---------- Material provided

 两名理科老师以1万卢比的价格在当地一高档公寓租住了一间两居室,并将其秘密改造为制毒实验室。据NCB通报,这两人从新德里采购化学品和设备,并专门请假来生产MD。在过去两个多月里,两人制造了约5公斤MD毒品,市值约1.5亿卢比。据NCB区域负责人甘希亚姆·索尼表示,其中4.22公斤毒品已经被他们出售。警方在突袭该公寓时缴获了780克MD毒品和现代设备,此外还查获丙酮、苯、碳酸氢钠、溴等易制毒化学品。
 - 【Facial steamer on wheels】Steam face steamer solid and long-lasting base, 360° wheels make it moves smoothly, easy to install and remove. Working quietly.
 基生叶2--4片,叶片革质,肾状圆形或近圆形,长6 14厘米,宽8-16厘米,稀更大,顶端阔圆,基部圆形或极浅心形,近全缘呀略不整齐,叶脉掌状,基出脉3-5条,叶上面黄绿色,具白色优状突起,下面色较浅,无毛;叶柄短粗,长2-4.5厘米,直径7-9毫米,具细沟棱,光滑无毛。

--------------------
---------- Material provided

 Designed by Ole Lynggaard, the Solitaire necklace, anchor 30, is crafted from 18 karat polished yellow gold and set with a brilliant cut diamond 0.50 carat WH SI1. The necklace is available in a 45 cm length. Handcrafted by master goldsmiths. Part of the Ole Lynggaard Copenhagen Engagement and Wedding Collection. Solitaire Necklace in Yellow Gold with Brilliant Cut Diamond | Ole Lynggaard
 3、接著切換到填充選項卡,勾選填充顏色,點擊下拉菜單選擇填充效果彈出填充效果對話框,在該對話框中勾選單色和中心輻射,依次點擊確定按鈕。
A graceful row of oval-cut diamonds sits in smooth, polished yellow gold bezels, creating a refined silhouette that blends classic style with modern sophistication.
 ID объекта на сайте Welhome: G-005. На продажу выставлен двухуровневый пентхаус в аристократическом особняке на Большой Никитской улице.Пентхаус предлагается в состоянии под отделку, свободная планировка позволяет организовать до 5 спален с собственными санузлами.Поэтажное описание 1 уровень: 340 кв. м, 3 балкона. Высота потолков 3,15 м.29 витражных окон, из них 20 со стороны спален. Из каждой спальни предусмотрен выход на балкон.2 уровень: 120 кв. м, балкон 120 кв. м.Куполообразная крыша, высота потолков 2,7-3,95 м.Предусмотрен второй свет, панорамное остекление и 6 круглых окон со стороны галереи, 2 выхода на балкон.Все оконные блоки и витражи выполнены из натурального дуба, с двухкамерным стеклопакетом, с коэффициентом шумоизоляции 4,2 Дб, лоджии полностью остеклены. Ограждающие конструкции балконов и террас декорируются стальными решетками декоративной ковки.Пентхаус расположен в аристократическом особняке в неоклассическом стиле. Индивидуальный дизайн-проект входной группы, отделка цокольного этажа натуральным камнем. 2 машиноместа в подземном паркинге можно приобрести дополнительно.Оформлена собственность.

--------------------
---------- Material provided

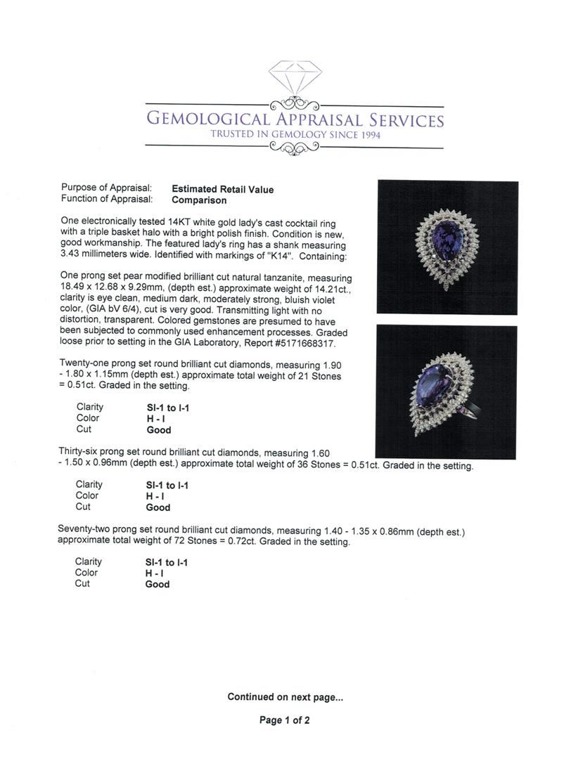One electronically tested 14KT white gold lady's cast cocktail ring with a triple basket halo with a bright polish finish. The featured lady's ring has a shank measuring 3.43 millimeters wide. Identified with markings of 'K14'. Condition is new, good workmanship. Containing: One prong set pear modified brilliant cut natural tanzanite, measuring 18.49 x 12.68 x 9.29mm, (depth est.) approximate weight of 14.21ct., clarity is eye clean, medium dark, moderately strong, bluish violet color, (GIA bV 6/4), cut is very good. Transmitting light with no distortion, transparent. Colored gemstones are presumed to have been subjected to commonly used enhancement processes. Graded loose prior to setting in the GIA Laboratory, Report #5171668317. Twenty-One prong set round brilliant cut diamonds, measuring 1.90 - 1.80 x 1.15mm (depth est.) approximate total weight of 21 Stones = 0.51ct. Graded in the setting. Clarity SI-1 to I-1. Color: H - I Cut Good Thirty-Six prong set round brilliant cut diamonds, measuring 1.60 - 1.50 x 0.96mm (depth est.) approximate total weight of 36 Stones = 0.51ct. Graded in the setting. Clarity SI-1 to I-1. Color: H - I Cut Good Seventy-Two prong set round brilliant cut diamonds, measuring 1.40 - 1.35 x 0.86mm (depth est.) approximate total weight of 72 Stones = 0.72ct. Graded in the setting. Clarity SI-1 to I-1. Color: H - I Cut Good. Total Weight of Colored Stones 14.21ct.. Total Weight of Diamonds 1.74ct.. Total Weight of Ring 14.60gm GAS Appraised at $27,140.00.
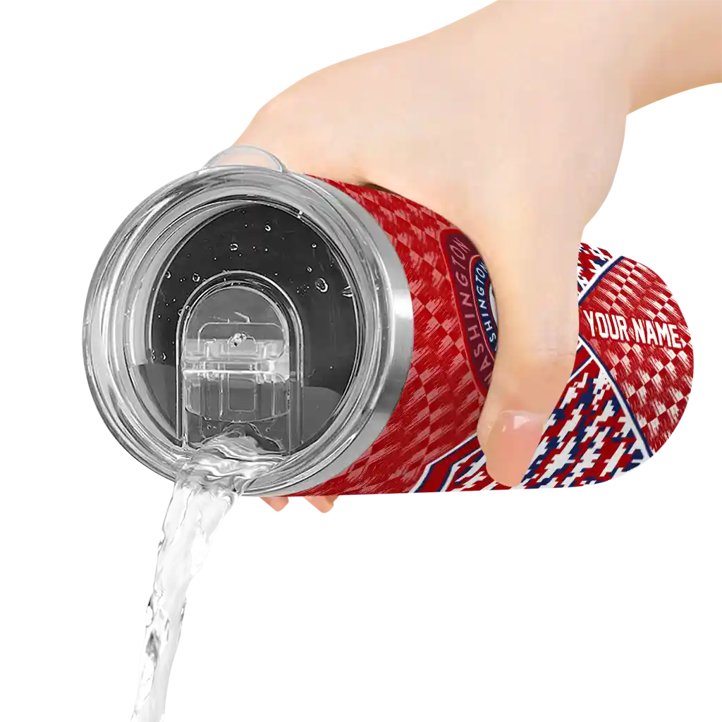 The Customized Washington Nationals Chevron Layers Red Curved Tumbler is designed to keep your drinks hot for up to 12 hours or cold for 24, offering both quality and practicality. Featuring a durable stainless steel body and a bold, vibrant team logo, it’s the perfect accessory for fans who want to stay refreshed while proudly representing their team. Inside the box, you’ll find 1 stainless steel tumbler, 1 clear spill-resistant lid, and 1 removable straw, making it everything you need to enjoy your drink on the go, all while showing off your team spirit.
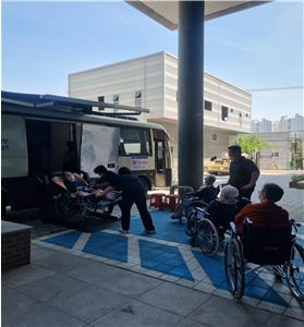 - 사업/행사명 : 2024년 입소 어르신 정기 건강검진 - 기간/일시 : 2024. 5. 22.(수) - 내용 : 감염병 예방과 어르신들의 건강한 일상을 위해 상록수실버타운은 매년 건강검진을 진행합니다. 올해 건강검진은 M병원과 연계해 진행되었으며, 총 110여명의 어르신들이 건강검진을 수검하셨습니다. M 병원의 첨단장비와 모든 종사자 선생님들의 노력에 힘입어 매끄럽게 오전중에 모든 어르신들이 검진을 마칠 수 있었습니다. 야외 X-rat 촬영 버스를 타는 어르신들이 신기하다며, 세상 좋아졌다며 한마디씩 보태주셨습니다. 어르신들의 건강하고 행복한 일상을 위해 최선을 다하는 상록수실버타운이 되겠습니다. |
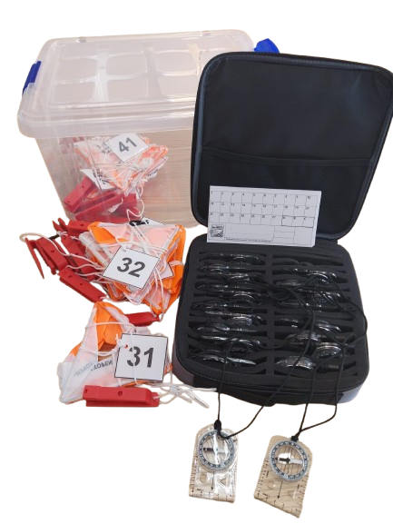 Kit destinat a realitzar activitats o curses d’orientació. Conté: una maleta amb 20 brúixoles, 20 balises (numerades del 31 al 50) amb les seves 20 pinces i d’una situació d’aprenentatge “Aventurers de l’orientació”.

--------------------

* _Exercise goal_:
Please copy each line from the material above in which the string "polished" appears.

* _Result of this exercise_:
 Designed by Ole Lynggaard, the Solitaire necklace, anchor 30, is crafted from 18 karat polished yellow gold and set with a brilliant cut diamond 0.50 carat WH SI1. The necklace is available in a 45 cm length. Handcrafted by master goldsmiths. Part of the Ole Lynggaard Copenhagen Engagement and Wedding Collection. Solitaire Necklace in Yellow Gold with Brilliant Cut Diamond | Ole Lynggaard
A graceful row of oval-cut diamonds sits in smooth, polished yellow gold bezels, creating a refined silhouette that blends classic style with modern sophistication.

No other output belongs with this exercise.